On December 20, 2001, PRF filed this action for breach of contract in the Superior Court for Tippecanoe County, Indiana. PRF alleged that research conducted by Dr. Rossmann and other Purdue scientists under the PRF-Sterling Agreement contributed to the development of certain antiviral drugs, including pleconaril, for which Sterling and/or its successors had received commercial benefits, that SSBO France was the successor-in-interest to Sterling and/or had assumed its obligations under the Agreement, and that PRF was owed payments under the Agreement in connection with the development of pleconaril.8 On January 22, 2002, SSBO France removed the case to the United States District Court for the Northern District of Indiana; and, on February 14, 2002, it filed a motion to dismiss for lack of personal jurisdiction pursuant to Rule 12(b)(2) of the Federal Rules of Civil Procedure.

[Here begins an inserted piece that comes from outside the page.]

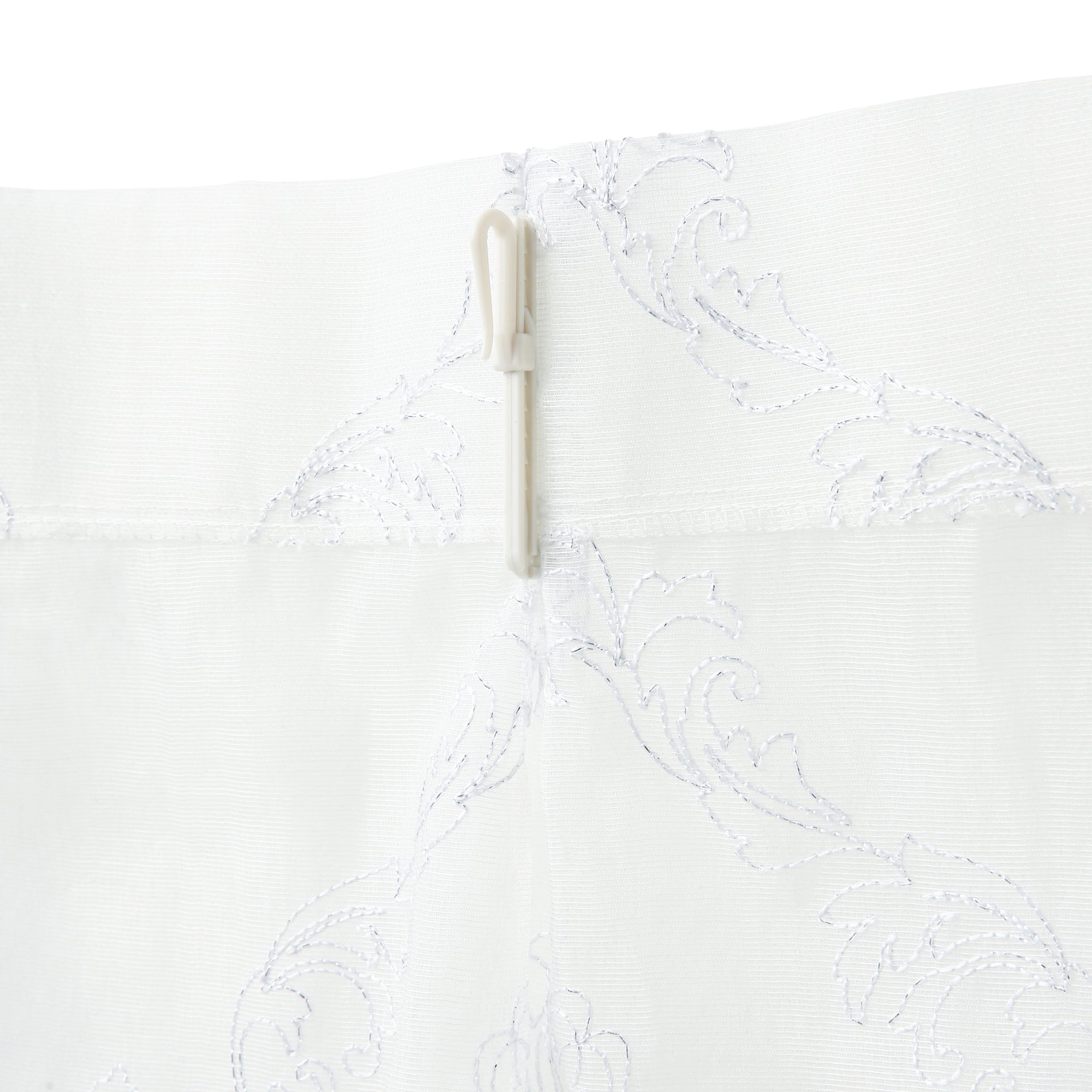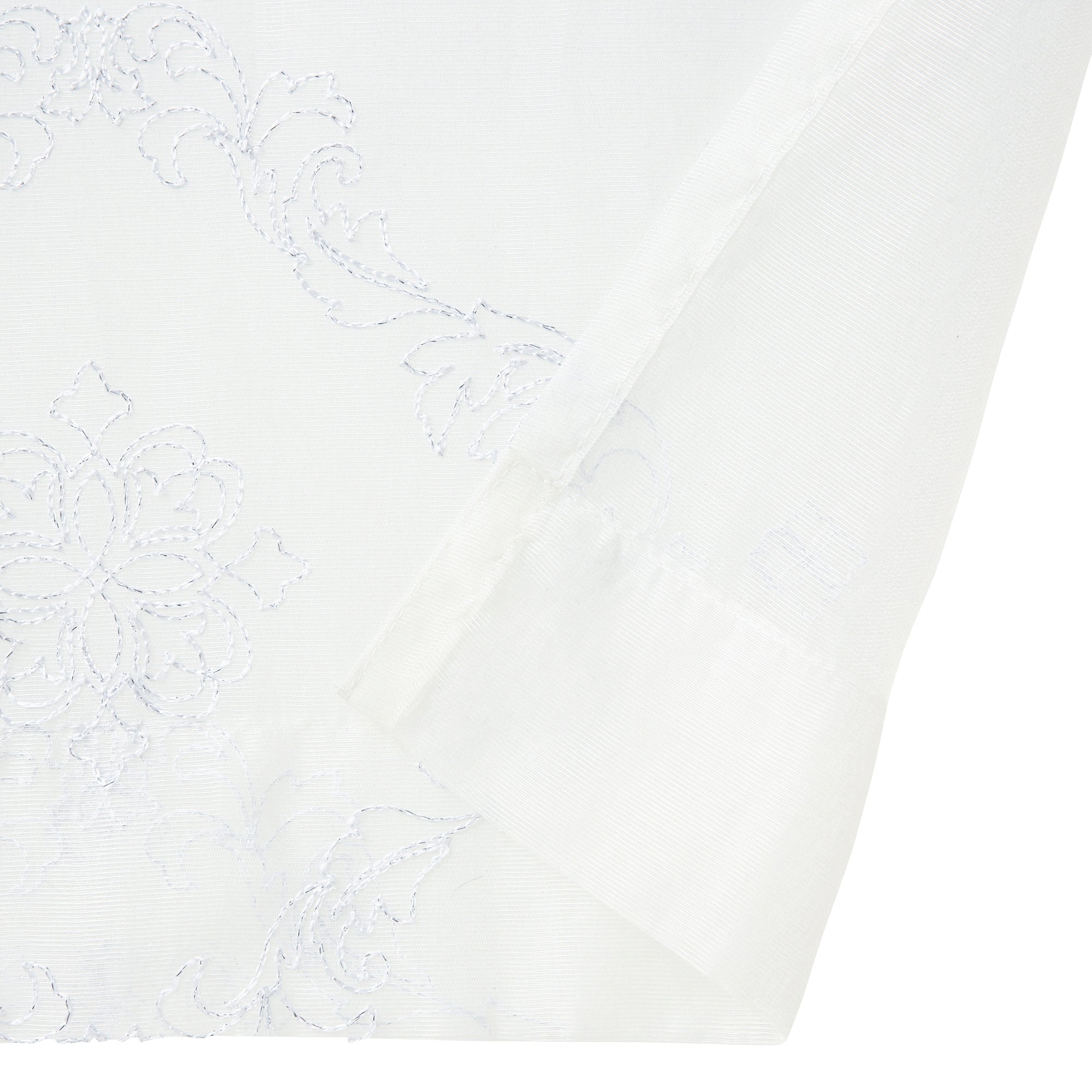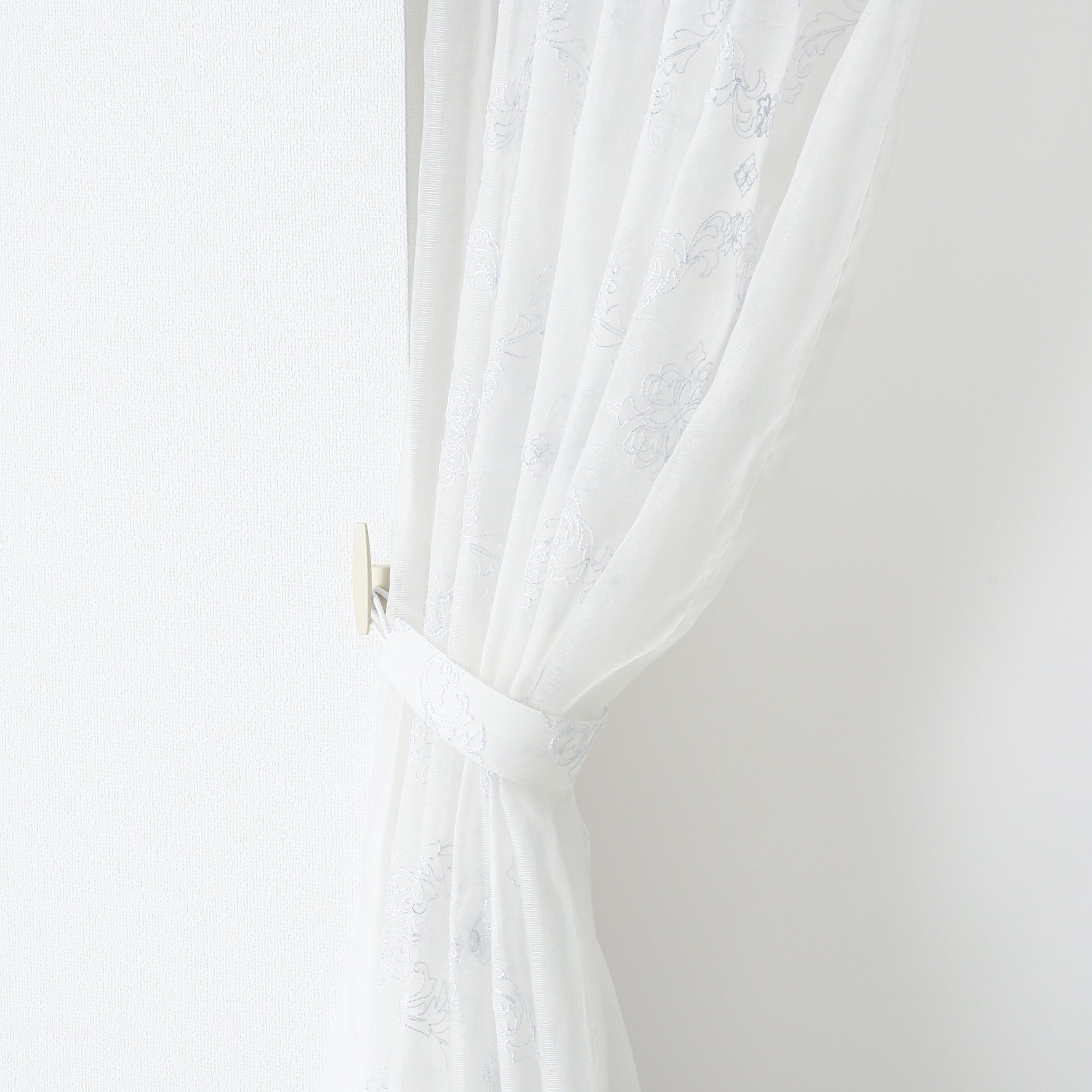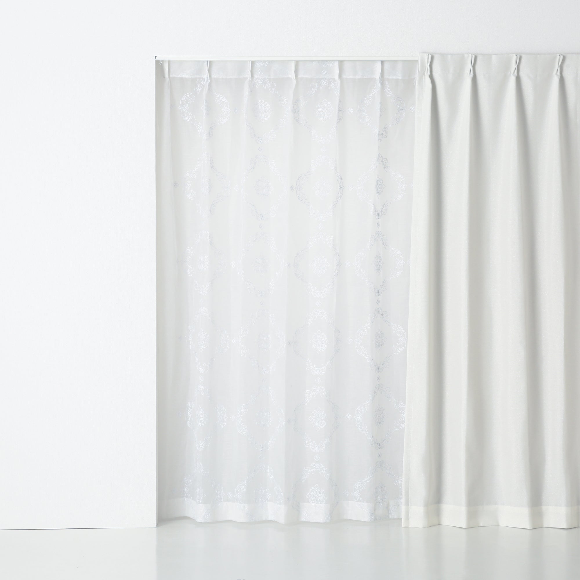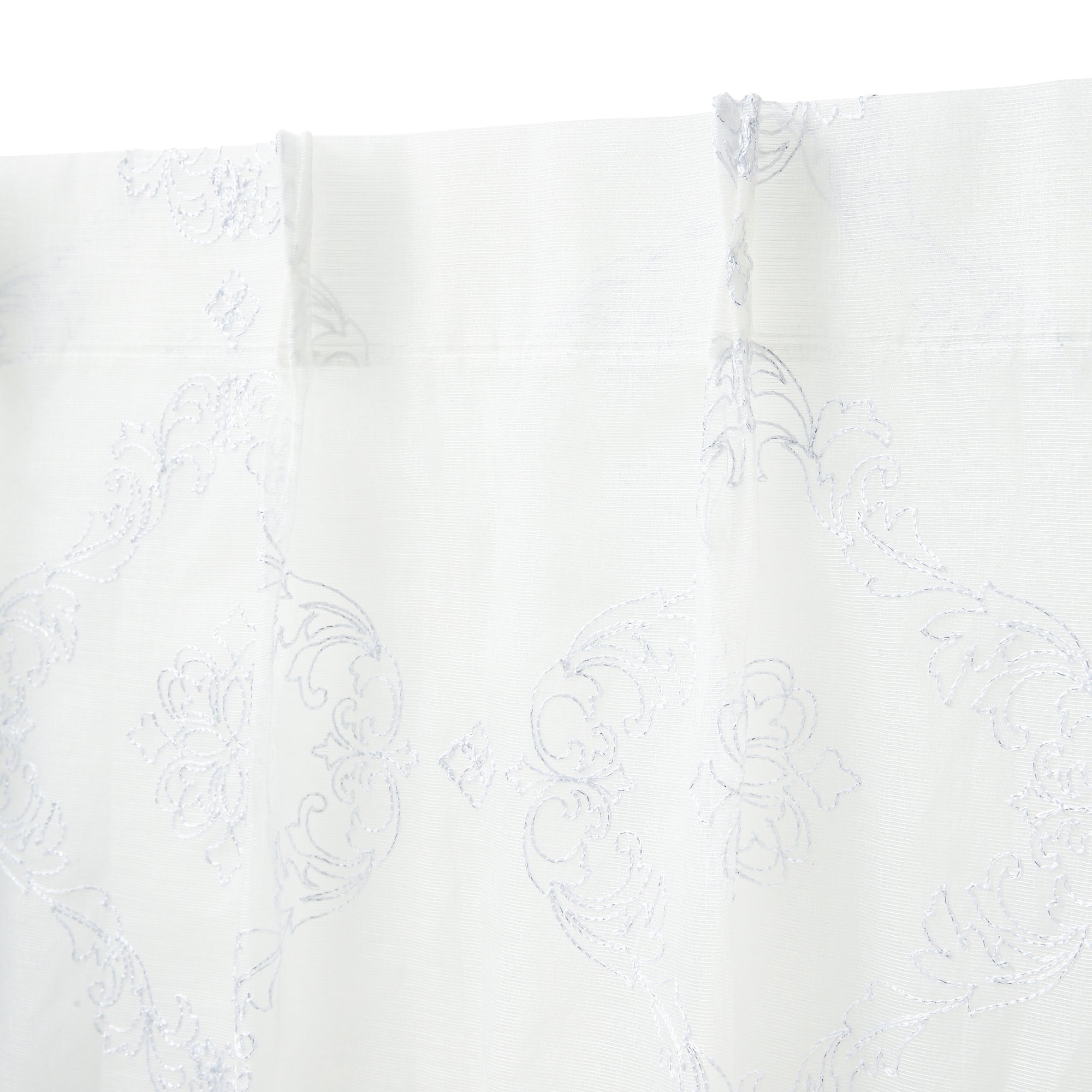 透け感のあるボイル生地のレースカーテンです。 ホワイトのラメ刺繍でオーナメント柄を全面に施した贅沢な仕上げで、エレガントなお部屋のアクセントになります。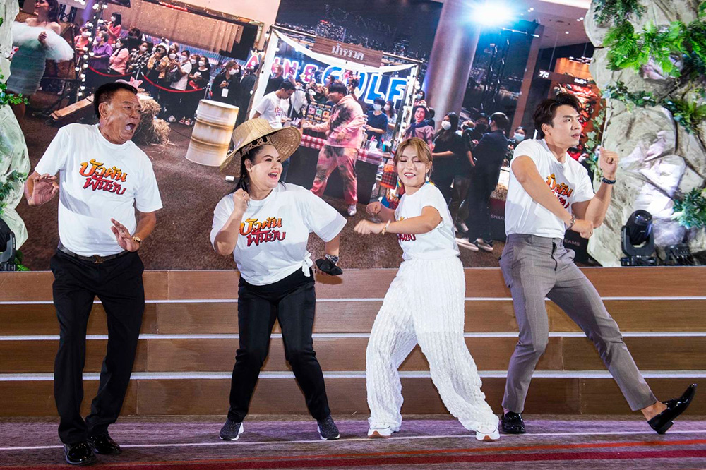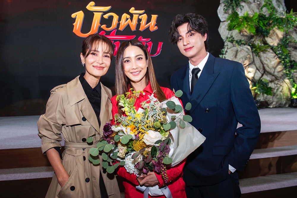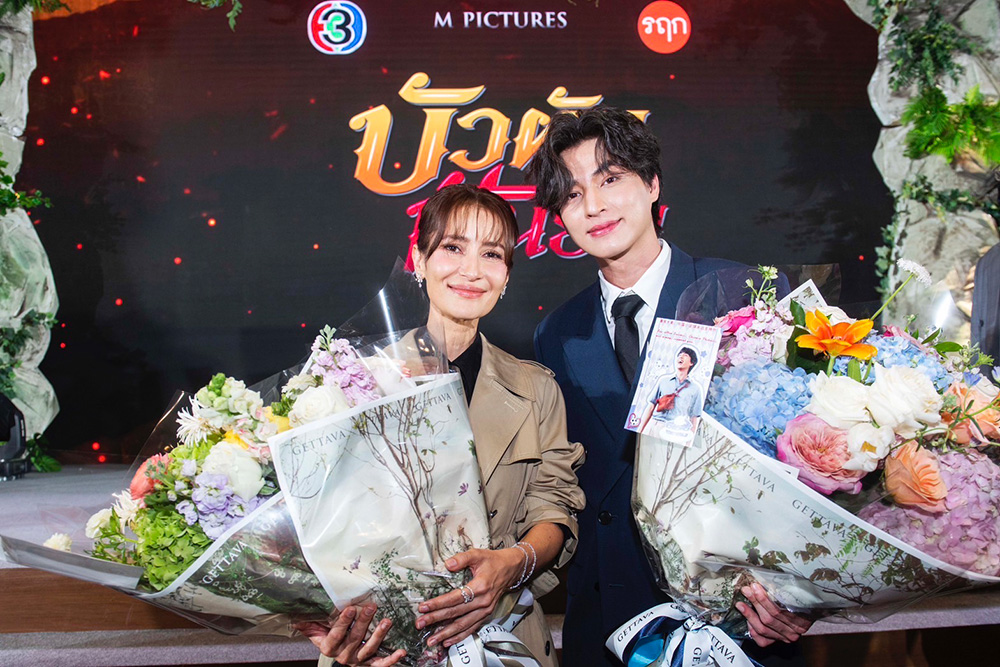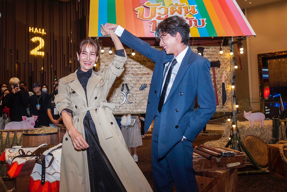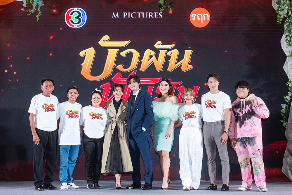 จากนั้นเรียนเชิญ “คุณสุรินทร์ กฤตยาพงศ์พันธุ์” กรรมการผู้อำนวยการ สายธุรกิจโทรทัศน์ บริษัท บีอีซี เวิลด์ จํากัด (มหาชน) และ “คุณสุรเชษฐ์ อัศวเรืองอนันต์” ประธานเจ้าหน้าที่บริหาร บริษัท เอ็ม พิคเจอร์ส เอ็นเตอร์เทนเม้นท์ จำกัด (มหาชน) ขึ้นกล่าวพูดคุยถึงโปรเจ็กต์สุยิ่งใหญ่ส่งท้ายปีของ ภาพยนตร์ “บัวผันฟันยับ” ในครั้งนี้

On June 5, 2002, after the parties had conducted limited discovery relating to the jurisdictional issue, the district court dismissed PRF's complaint for lack of personal jurisdiction. The court first rejected PRF's argument that SSBO France is subject to specific jurisdiction in Indiana because, as Sterling's predecessor-in-interest, it is bound by Sterling's extensive contacts with Indiana in the formation and performance of the Agreement. See R.35 at 4. The court reasoned that, although personal jurisdiction may be imputed to a corporate successor in some instances, "when the predecessor and successor are parties to the assignment of a contract, the assignee does not automatically assume the assignor's contacts with the forum." Id. Because SSBO France purchased less than all of Sterling, the court concluded that it could not attribute Sterling's contacts to SSBO France. See id.

The district court then rejected PRF's argument that SSBO France's own contacts with Indiana are sufficient to establish the continuous and systematic contacts needed to confer general jurisdiction over SSBO France. See id. at 5. Finally, the court rejected PRF's argument that SSBO France is subject to personal jurisdiction under a stream of commerce theory. Because SSBO U.S. and other licensees of SSBO France are responsible for manufacturing and distributing the products that stem from SSBO France's patents in the United States, the court reasoned that SSBO France does not place any products into the stream of commerce and therefore the stream of commerce doctrine does not apply.

II DISCUSSION

A district court sitting in diversity has personal jurisdiction over a nonresident defendant only if a court of the state in which it sits would have jurisdiction. See Hyatt Int'l Corp. v. Coco, 302 F.3d 707, 713 (7th Cir.2002)....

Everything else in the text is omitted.